Additionally, the mnode plays an important role in issuing control commands to stream computing tasks, including but not limited to pausing, resuming execution, deleting stream tasks, and updating upstream and downstream information of stream tasks.

At each vnode, at least two stream tasks are deployed: one is the source task, which is responsible for reading data from the WAL (and from TSDB when necessary) for subsequent processing and distributing the processing results to downstream tasks; the other is the sink task (write-back task), which is responsible for writing the received data into the corresponding vnode. To ensure the stability of the data flow and the scalability of the system, each sink task is equipped with traffic control functionality to adjust the data writing speed based on actual conditions.

Basic Concepts

Stateful Stream Computing

The stream computing engine possesses powerful scalar function computation capabilities, where the data processed is mutually independent on the time series, without needing to retain intermediate states of computation. This means that for all input data, the engine can perform fixed transformation operations, such as simple numerical addition, and directly output the results.
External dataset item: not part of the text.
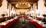 Kabinet Belanda mengadakan pertemuan mingguan di dalam ruang Rolzaal dengan tempat duduk berjarak di Den Haag, Belanda, Jumat (27/3). Meskipun kabinet biasanya bertemu di ruang Treves, pemerintah telah memutuskan untuk beralih ke ruang yang lebih besar. (FOTO : ANP POOL)

At the same time, the stream computing engine also supports aggregation calculations, which require maintaining intermediate states during execution. For example, when calculating the daily operating time of a device, since the statistical period may span multiple days, the application must continuously track and update the current operating status until the statistical period ends to derive accurate results. This is a typical application scenario for stateful stream computing, which requires the engine to maintain tracking and management of intermediate states during execution to ensure the accuracy of the final results.

Write-Ahead Log

When data is written to TDengine, it is first stored in the WAL file. Each vnode has its own WAL file, storing data in the order in which time series data arrives. Since the WAL file retains the order of data arrival, it becomes an important data source for stream computing. Additionally, the WAL file has its own data retention policy controlled by database parameters, where data exceeding the retention period will be cleared from the WAL file. This design ensures data integrity and system reliability while providing a stable data source for stream computing.

Event-Driven

An event in the system refers to a change or transition of state. In the stream computing architecture, the event that triggers the stream computing process is the write message of (super) table data. At this stage, the data may not be fully written to the TSDB but is undergoing negotiation among multiple replicas before reaching consensus.

Stream computing executes in an event-driven mode, where its data source does not come directly from the TSDB but from the WAL. Once data is written to the WAL file, it will be extracted and added to a pending processing queue, awaiting further processing by the stream computing task. This way of immediately triggering the stream computing engine execution upon data arrival ensures that data is processed promptly and the results are stored in the target table in the shortest time.

Time

In the field of stream computing, time is a crucial concept. TDengine's stream computing involves three key time concepts: event time, ingestion time, and processing time.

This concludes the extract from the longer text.